Anti-obesity effects of Bifidobacterium lactis YGMCC2013 by promoting adipocyte thermogenesis and beige remodelling in association with gut microbiota

Abstract

Obesity, a global public health challenge, is closely associated with gut microbiota alterations. Probiotics have the potential to prevent obesity, but their effectiveness can vary depending on the specific strain. This study focused on evaluating the anti-obesity and probiotic properties of four Bifidobacterium species isolated from healthy Chinese individuals in vitro. The findings indicated that Bifidobacterium lactis YGMCC2013 showed notable cholesterol assimilation ability, bile salt hydrolase activity, gastrointestinal tolerance, cellular adhesion, and production of short-chain fatty acids.

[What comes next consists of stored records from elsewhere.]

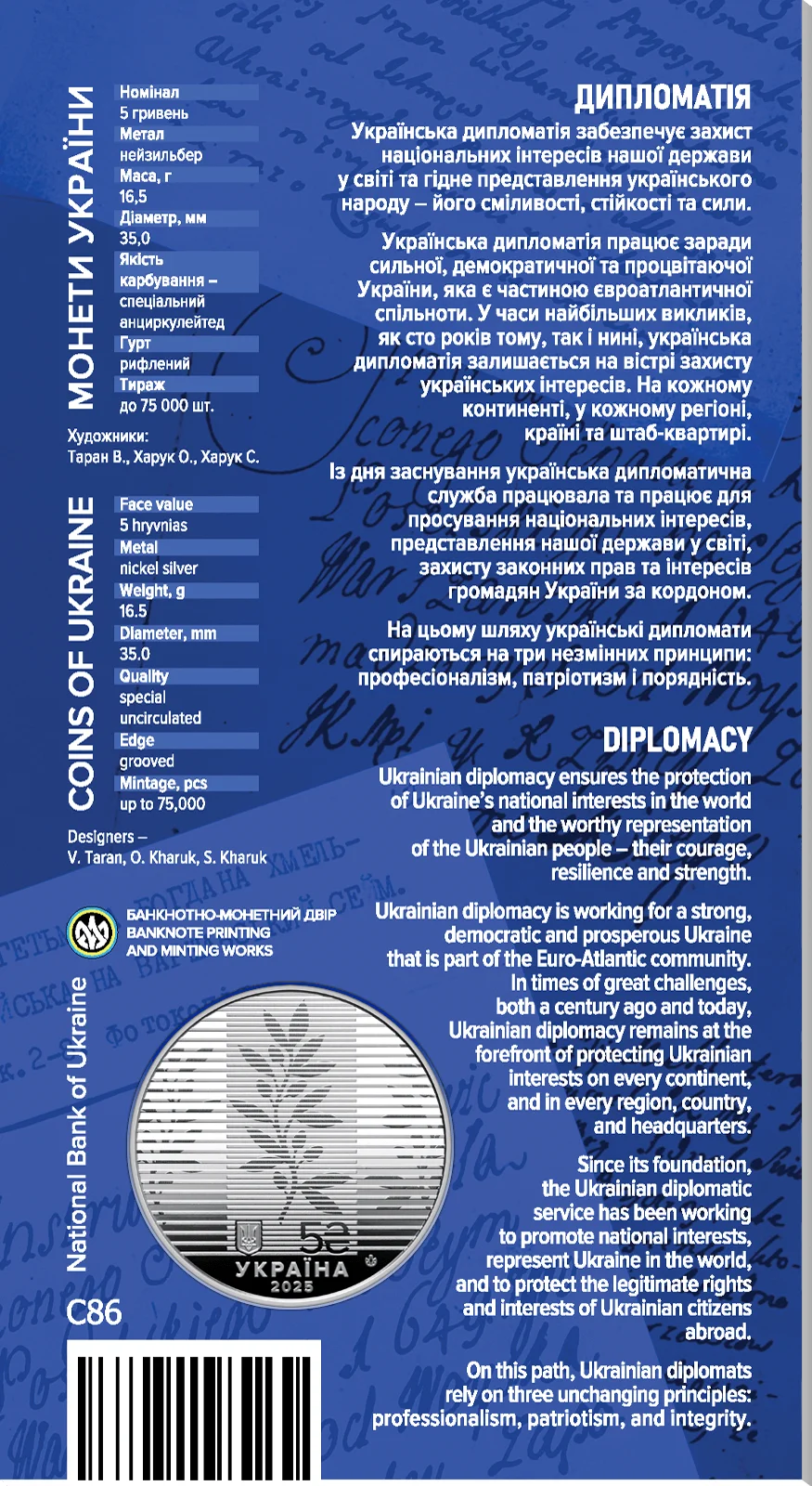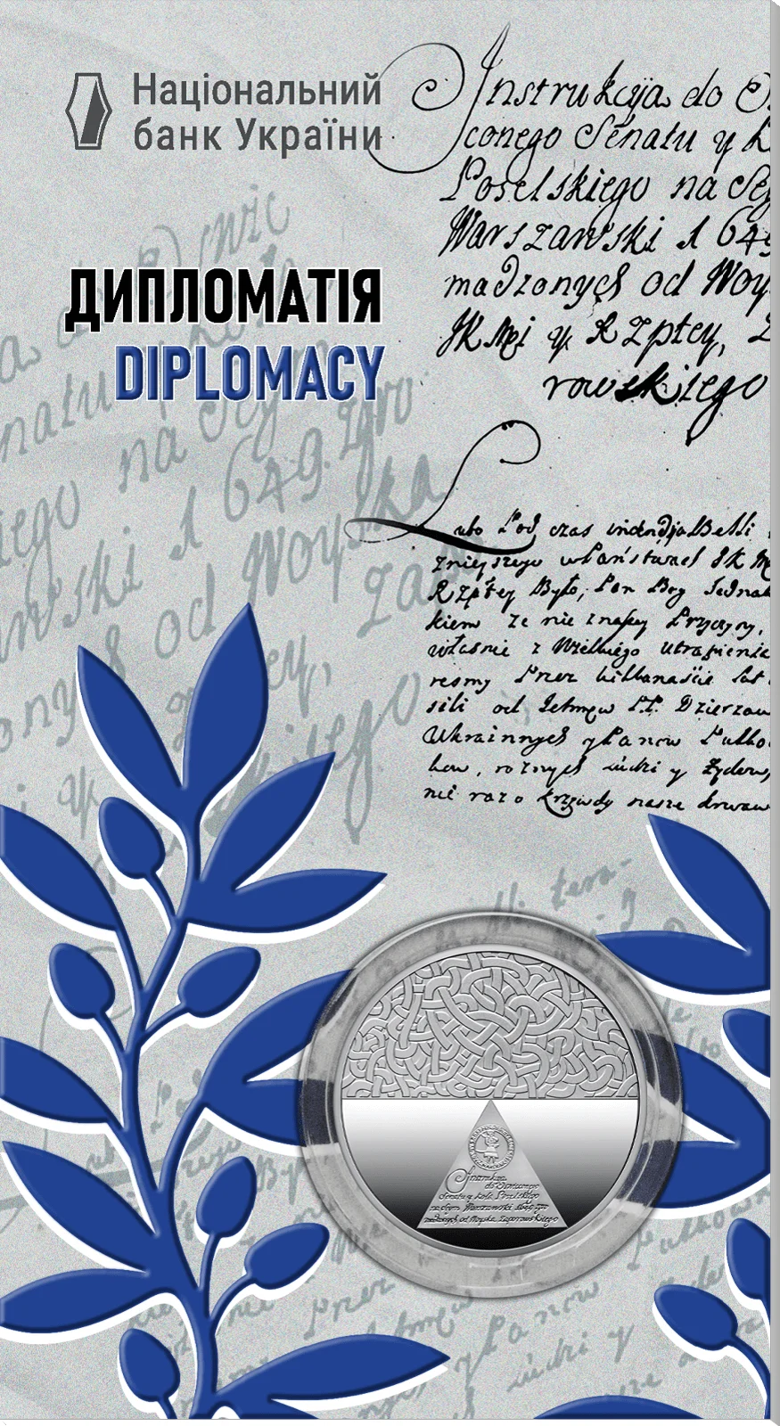 Пам’ятна монета присвячена дипломатії – одній із форм реалізації державних інтересів та зовнішньополітичної позиції держави шляхом діалогу, переговорів і забезпечення відповідального балансу між державницькими принципами та політичними обставинами. Дипломатія є невід’ємною складовою процесу державотворення, що забезпечує позиціонування України в загальній системі міжнародних відносин, сприяє утвердженню її суверенітету, безпеки та міжнародної суб’єктності. Українська дипломатична традиція формувалася впродовж століть – від козацьких посольств і гетьманських універсалів до сучасної багатовекторної дипломатії незалежної держави, ґрунтуючись на тяглості політичної думки, відповідальності за державні рішення та здатності до стратегічної рівноваги.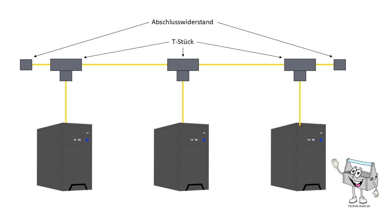Beispielhafter Aufbau eines Thinnet. Quelle: Technik-Kiste.de
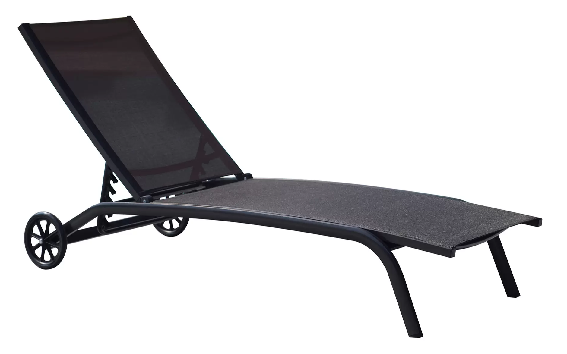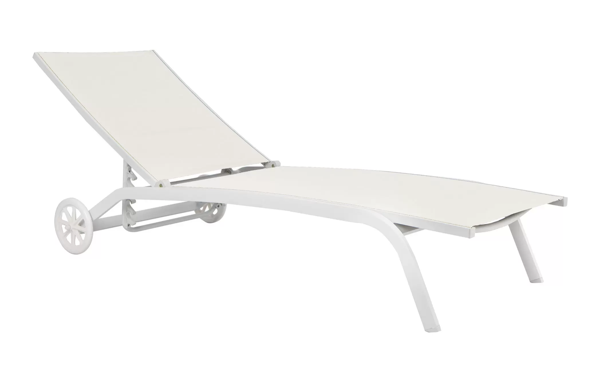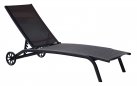Leżak o konstrukcji aluminiowej z kółkami. Profile 40 x 22 mm / siedzisko z tekstyliny o gramaturze 600 g. Kilkustopniowa regulacja pochylenia.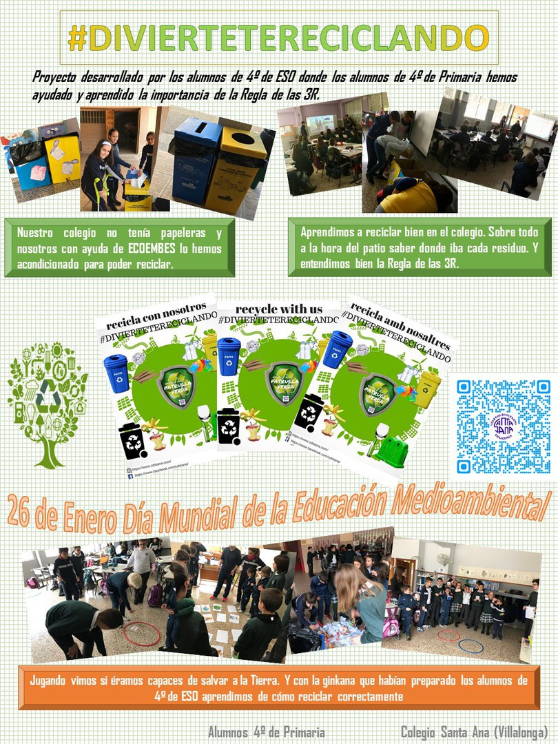 Els alumnes de 4t d’ESO han estat treballant dur en el projecte de medi ambient del centre. Pretenen conscienciar a tota la Comunitat Educativa sobre la importància del reciclatge, no sols dels residus que van als contenidors blau, groc i verd sinó també dels residus que portem al punt verd. Ens expliquen perquè cal utilitzar l’ecoparc mòbil que arriba a Villalonga cada dilluns i els beneficis que s’obté amb la TASA COR. Esperem que siga un èxit aquest nou projecte de medi ambient i vos animem a que col·laboreu amb nosaltres. En aquesta web teniu tots els detalls de les coses que podeu portar: https://bit.ly/2Bx3pQm. També, a l'enllaç de la imatge teniu més informació dels cartells.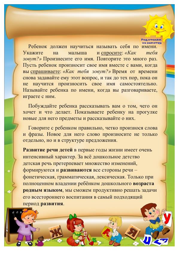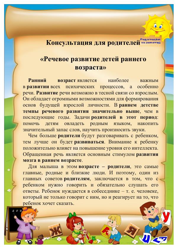 Консультация для родителей «Речевое развитие детей раннего возраста»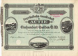 | Aktie über 100 Gulden ö. W. der Steyrthalbahn-Gesellschaft vom 31. März 1890 | Sammlung eines Mitglieds des Ersten Deutschen Historic-Actien-Clubs e.V (EDHAC e.V.); (kl) | Unbekannte Autoren und Grafiker; Scan vom EDHAC e.V. | Datei:Steyrthalbahn-Gesellschaft 1890.jpg | |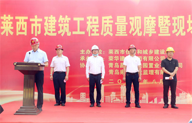 吳法先副市長對榮華建設集團作為龍頭企業(yè)在建筑領域的引領作用以及工程管理、綠色施工、科技創(chuàng)新等方面所取得的成就給予了充分肯定。通過現場觀摩,對該工程的工程質量、科技化程度、智能化水平給予了高度稱贊??偨Y會上吳市長強調,工程質量直接決定著百姓的幸福指數,希望能通過此次觀摩,各方加強學習交流,提高認識,消除質量通病,將整個萊西市的建筑工程質量提升到一個新層次。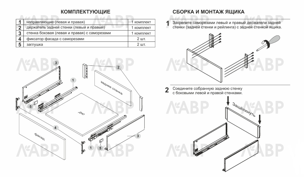 Для сборки выдвижного мебельного ящика на базе СТАРТ SOFT ЭКСТРА SB21 необходимо самостоятельно изготовить фасад, заднюю стенку и дно ящика.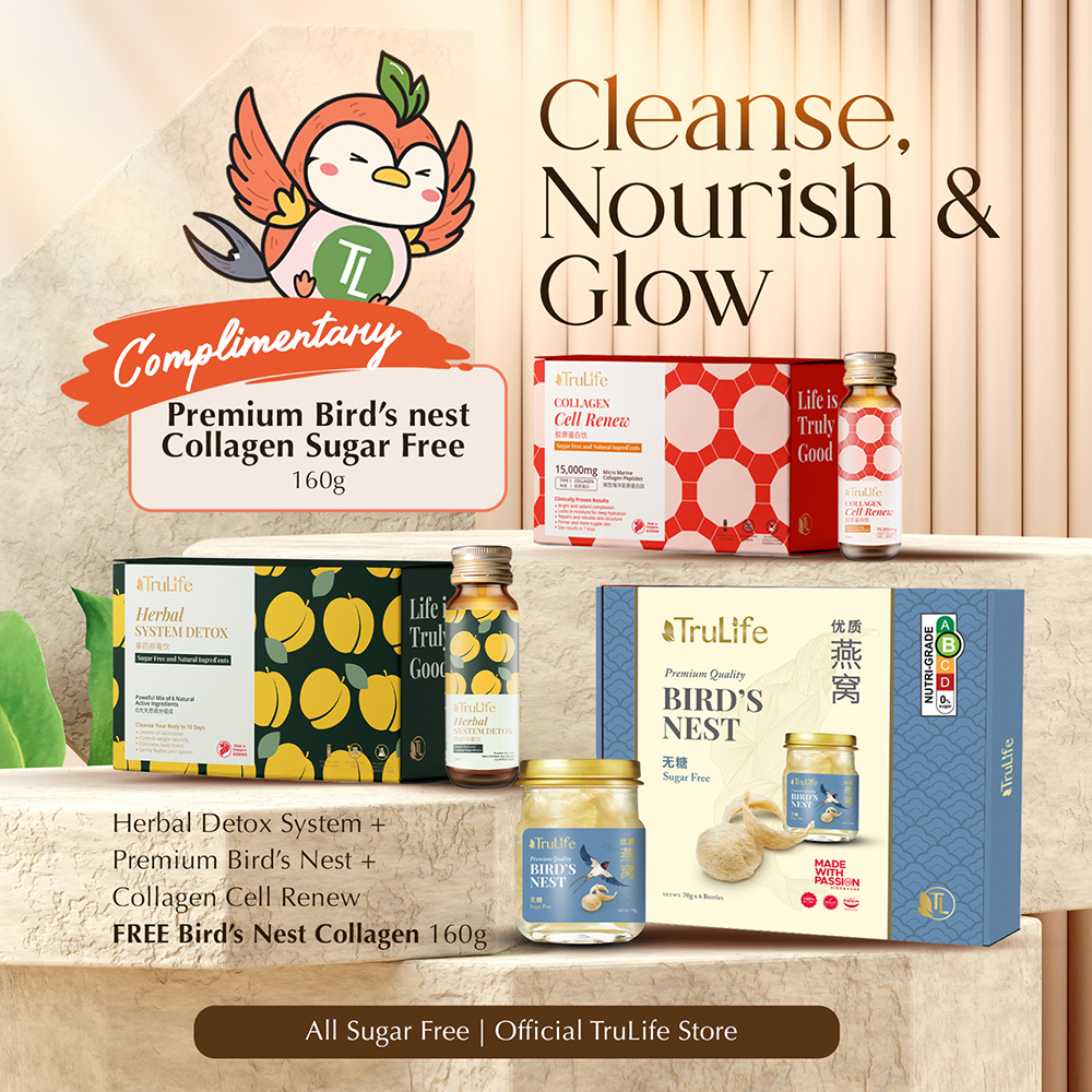 [Wellness Bundle Exclusive] TRULIFE Sugar Free Herbal Detox (10s x 50ml) + Collagen Cell Renew 15,000mg (10s x 50ml) + Premium Bird’s Nest Sugar Free (6s x 70g)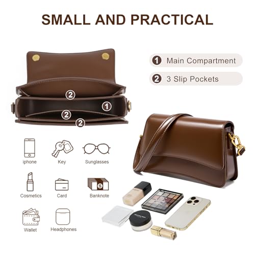 Crossbody Bag for Women, Genuine Leather Adjustable Shoulder Purse, Lightweight Saddle Bag 6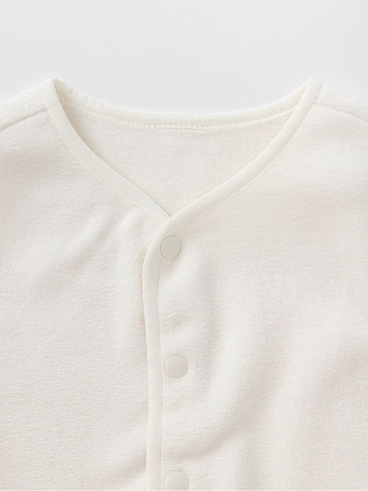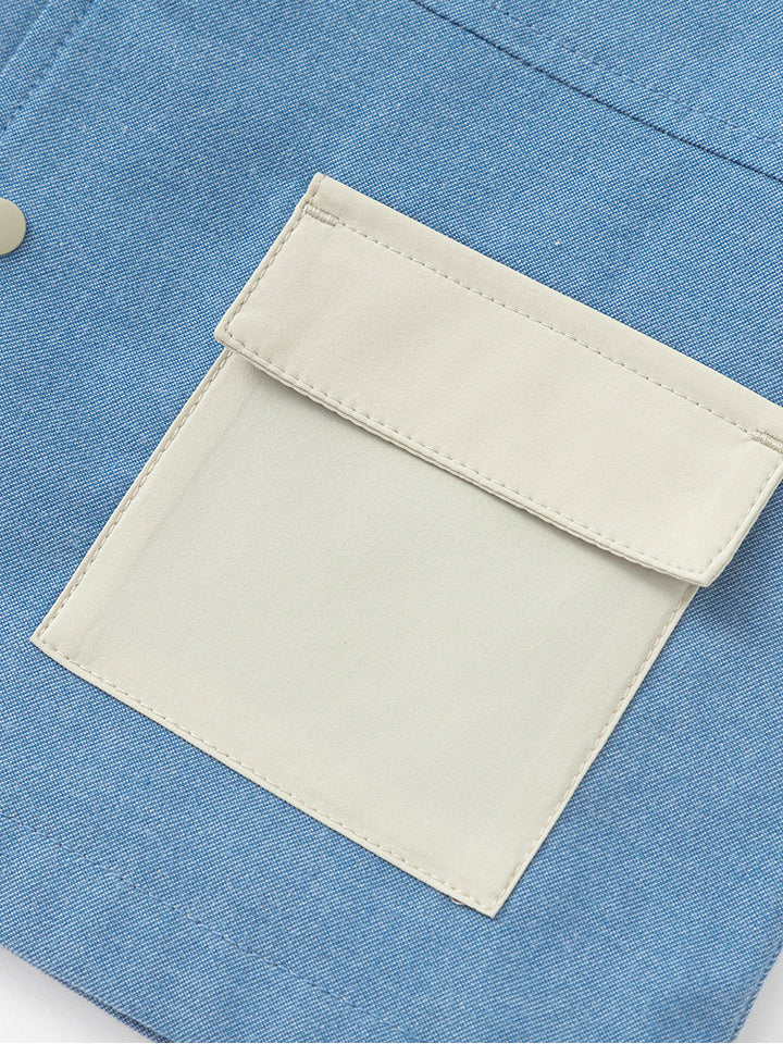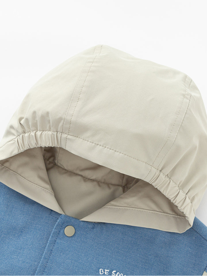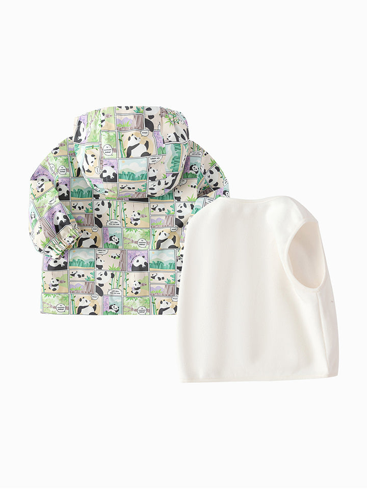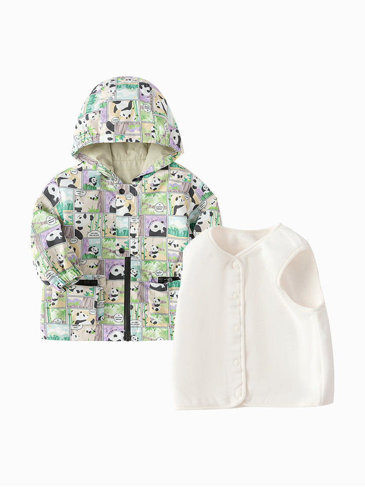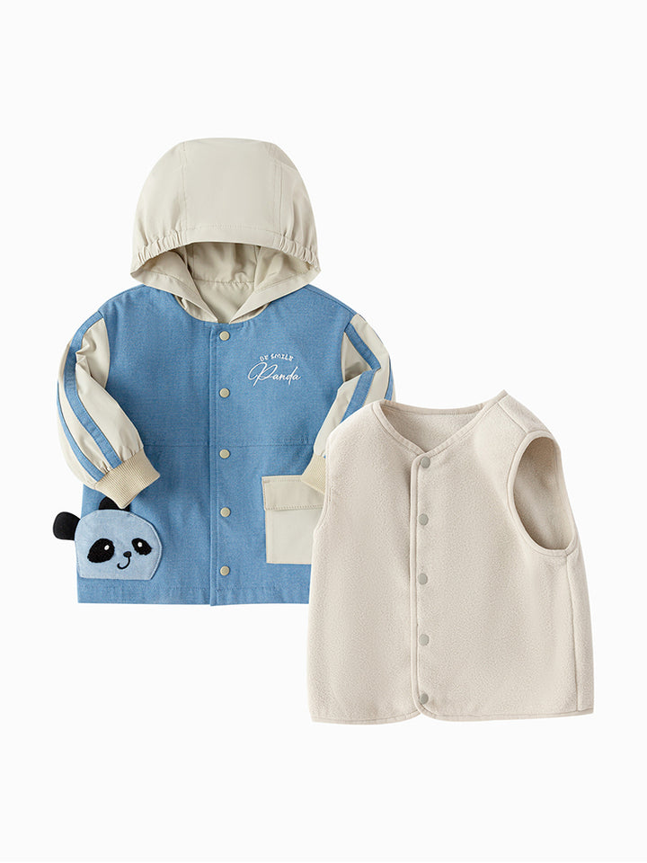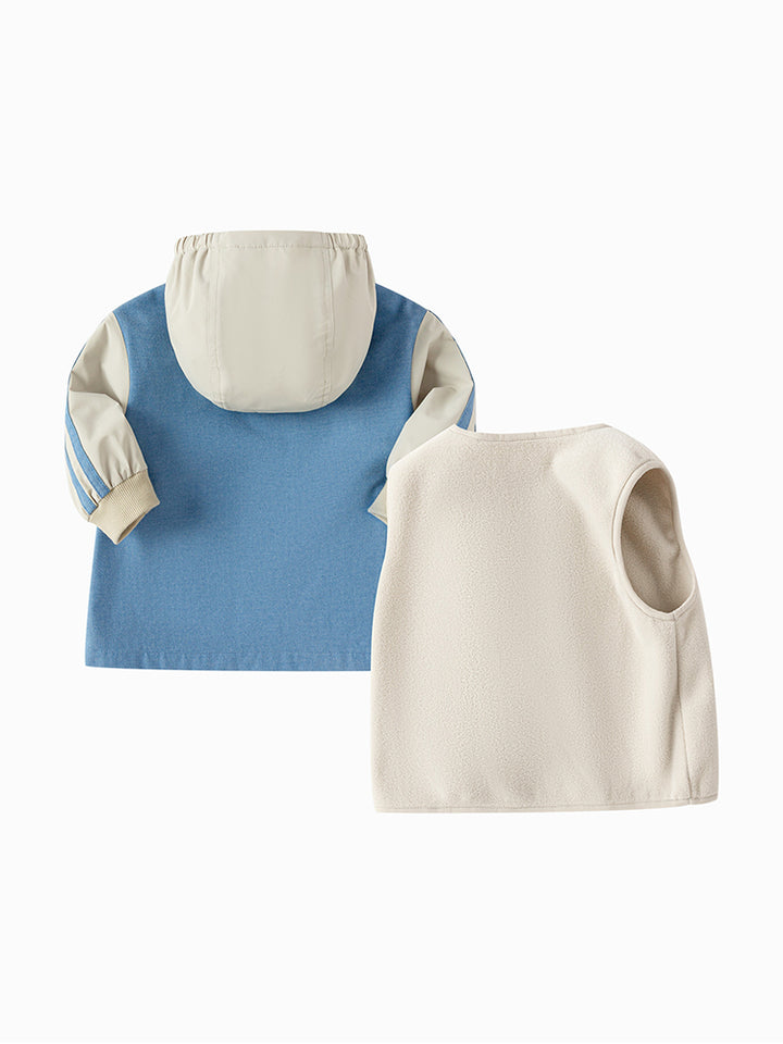 long sleeves boy winter jacket, decorated with contrast pattern, comes with pockets and buttons for closure and comes with internal vest in a solid colored pattern with buttons for closure

The anti-obesity effect of YGMCC2013 was then assessed in mice fed a high-fat diet. The results demonstrated that YGMCC2013 reduced body and liver weight, adipose tissue hypertrophy and inflammation, and influenced specific microbial genera associated with adipose tissue characteristics. Notably, the study observed associations between certain microbial genera and different types of adipose tissue, indicating that YGMCC2013 may impact the balance and function of adipose tissue through its effects on the gut microbiota. Furthermore, YGMCC2013 enhanced the thermogenic capacity of brown and beige adipocytes, and improved the structure and function of the gut microbiota. These improvements were reflected by an increase in short-chain fatty acids produced by beneficial bacteria in the intestine, and the activation of metabolic pathways related to energy and carbohydrate metabolism. Moreover, YGMCC2013 modulated the expression of il-27 and tgr5 signaling pathways in adipose tissue, which might be involved in regulating adipose tissue inflammation and energy expenditure, respectively. These findings collectively demonstrate that YGMCC2013 has potential as a probiotic candidate for preventing obesity and improving metabolic health by influencing the gut-adipose tissue axis.